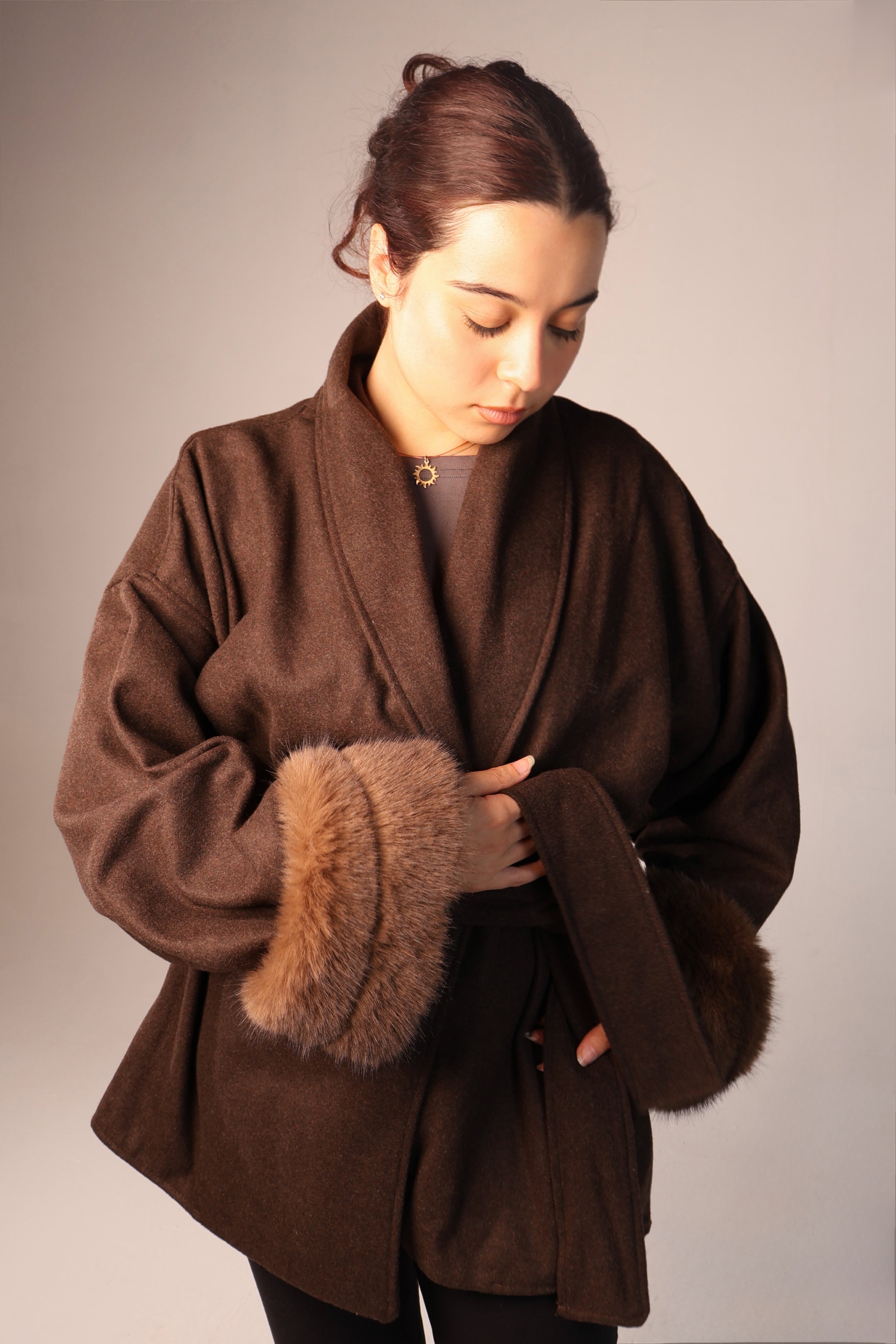 Cuffed Wrap Coat - Brown
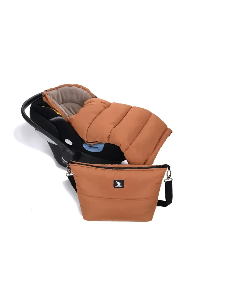 • Pierwszy okres (0-12 miesięcy): Używasz części górnej śpiworka w gondoli lub foteliku, a dolne przedłużenie służy Ci w tym czasie jako poręczna torba do wózka (pasek do torby w zestawie).
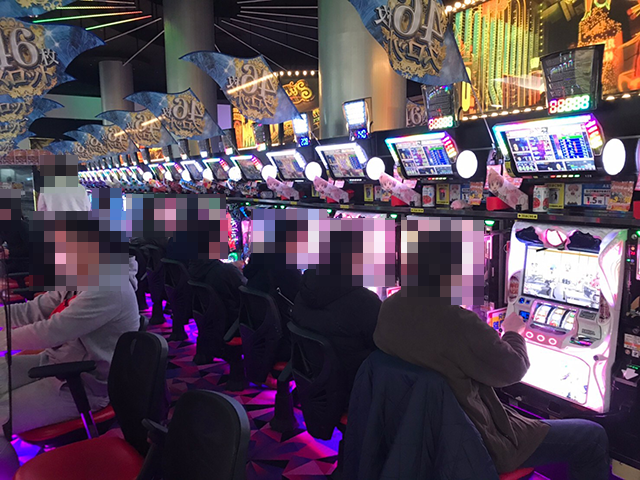 多くのお客さまが集まっている店内は明るいムード!! パチンコとパチスロの両方で、さまざまな機種が支持されていました。
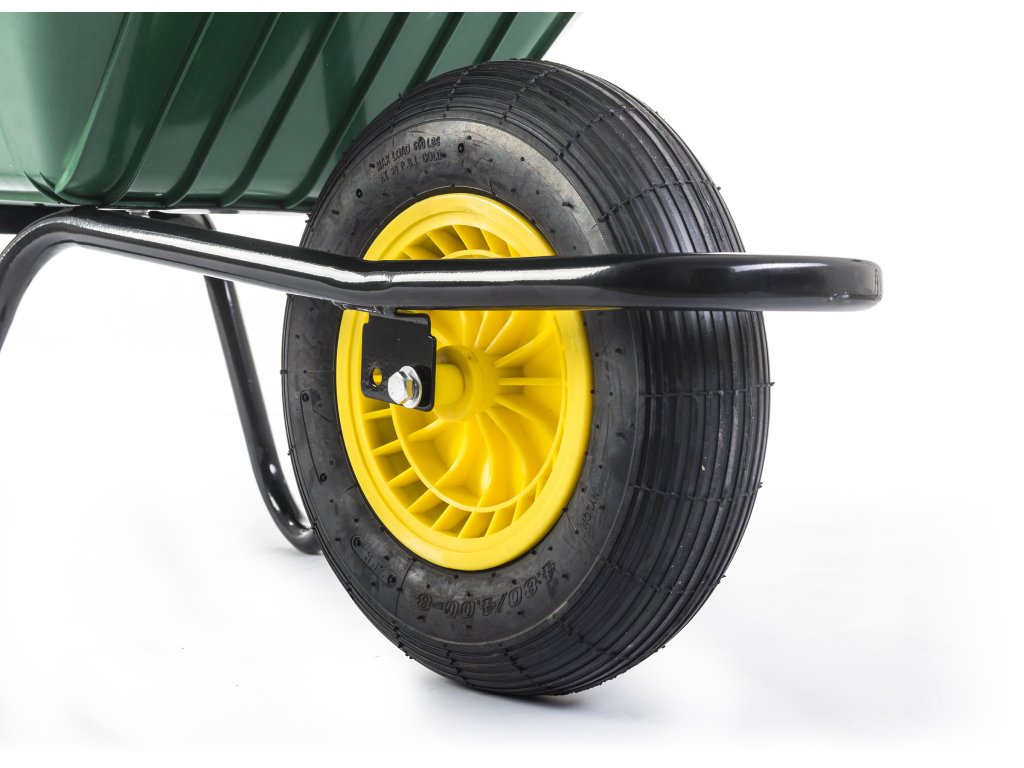 Pro zahradní kolečka se používají dva typy kol - nafukovací a s plnou pneumatikou. Kolečka G21 mají nafukovací kolo s gumovou pneumatikou, které vám významně ulehčí práci s převážením nákladu. Široké nafukovací kolo ujede bez problémů i v nerovném terénu, snižuje otřesy do rukou při jízdě po hrubém povrchu a neboří se do měkké země. Prostě ideální kombinace pro využití na zahradě a kolem domu.

◆ **What the task asks**
Leaving the pictures out, copy exactly the lines from the line that contains "多くのお客さまが集まっている" to the last line of the data, both ends included.

◆ **Reply**
 多くのお客さまが集まっている店内は明るいムード!! パチンコとパチスロの両方で、さまざまな機種が支持されていました。
 Pro zahradní kolečka se používají dva typy kol - nafukovací a s plnou pneumatikou. Kolečka G21 mají nafukovací kolo s gumovou pneumatikou, které vám významně ulehčí práci s převážením nákladu. Široké nafukovací kolo ujede bez problémů i v nerovném terénu, snižuje otřesy do rukou při jízdě po hrubém povrchu a neboří se do měkké země. Prostě ideální kombinace pro využití na zahradě a kolem domu.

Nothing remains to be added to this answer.